Topic:
Religion MathematicsAn alert reader sends
this article which reports that an Oxford professor of religion has calculated that "It is 97 per cent certain that God raised Jesus Christ from the dead — based on sheer logic and mathematics, not faith..."
This is a great example of the misuse of seemingly precise mathematical reasoning on nebulous premises to arrive at absurd conclusions, which are nevertheless taken seriously because they've been "mathematically proven". Let's have a look at the argument, shall we?
This conclusion was reached after a complex series of calculations. In simplified terms, it began with a single proposition: the probability was one in two that God exists.
Next, if God exists, the probability was one in two that he became incarnate.

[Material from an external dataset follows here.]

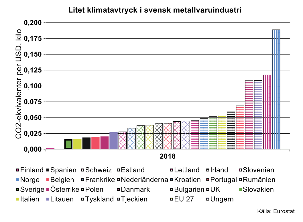Data för metallvaruindustrin bekräftar bilden av svensk industri som klimatsmart i ett EU-perspektiv (se bilden nedan).

Further, there was a one in 10 probability that the gospels would report the life and resurrection of Jesus in the form they do.
Finally, the clincher: the probability that we would have all this evidence if it wasn't true was one in 1000.

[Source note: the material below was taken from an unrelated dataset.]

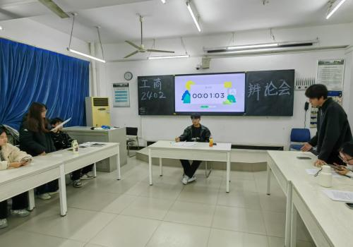 据了解,宣传委员范湘担任此次辩论赛的主持人,路驭喆担任此次辩论赛的评委,正方选手分别为:王晨阳、王晓琳、张玮、邵光明,反方选手分别为:刘俊威、李阗祎、庄家怡、曹家辉。观众为素质导师助理刘展鹏和工商管理2402班全体同学。
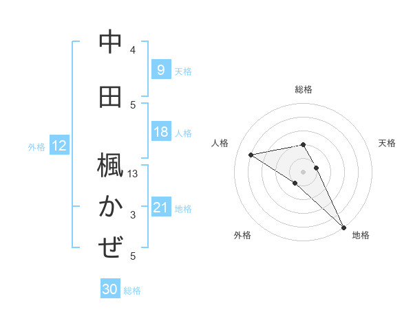 中田 楓かぜさんを姓名の画数から五運を鑑定

Oh, where to start? First up, the probability of the existence of God. I assume the "reasoning" went something like this: either God exists, or not. Two possibilities, therefore the odds are 1 in 2.
Um, no. Either the world will make a quantum leap to an orbit around Alpha Centauri tomorrow, or it won't. Are the odds of this therefore 1 in 2? If you think they are, I want to make some bets with you.

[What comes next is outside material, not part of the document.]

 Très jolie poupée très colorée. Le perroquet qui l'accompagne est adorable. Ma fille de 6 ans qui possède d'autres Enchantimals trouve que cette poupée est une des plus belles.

In fact, the only evidence for the existence of God is that most people really want it to be true. The lack of evidence doesn't make it false — rather, the problem is that there's no way to prove or disprove the proposition, no way to settle the argument.
The odds of incarnation seemed to have been arrived at the same way. Any other calculation would have involved knowledge of the, by definition, unknowable. I can't imagine how the one in ten figure for the gospels was arrived at — I think it was invented out of whole cloth. The same for the 1 in 1000 figure for having writings about something that isn't true. (Imagine a future archaeologist coming upon all the writings on MiddleEarth — should he assume it really existed?)
Using these absurd inputs, we get 50% God exists x 50% incarnation x 10% gospels = 2.5% percent all of that happened. Multiply that by 99.9% (since we have so much "evidence"), and we get 2.4975% chance that God exists and became incarnate and the gospels recorded the truth and the preponderance of the "evidence" reflects reality. If the article is reporting the "odds" correctly, the headline is backwards — it's 97% likely that God did
not raise Christ from the dead.
If you're going to make an argument this stupid, you should at least get your math straight.
The truth value of the resurrection is a matter of belief, not knowledge; mythos, not logos. Trying to drag it into the realm of the rational debases both reason and belief.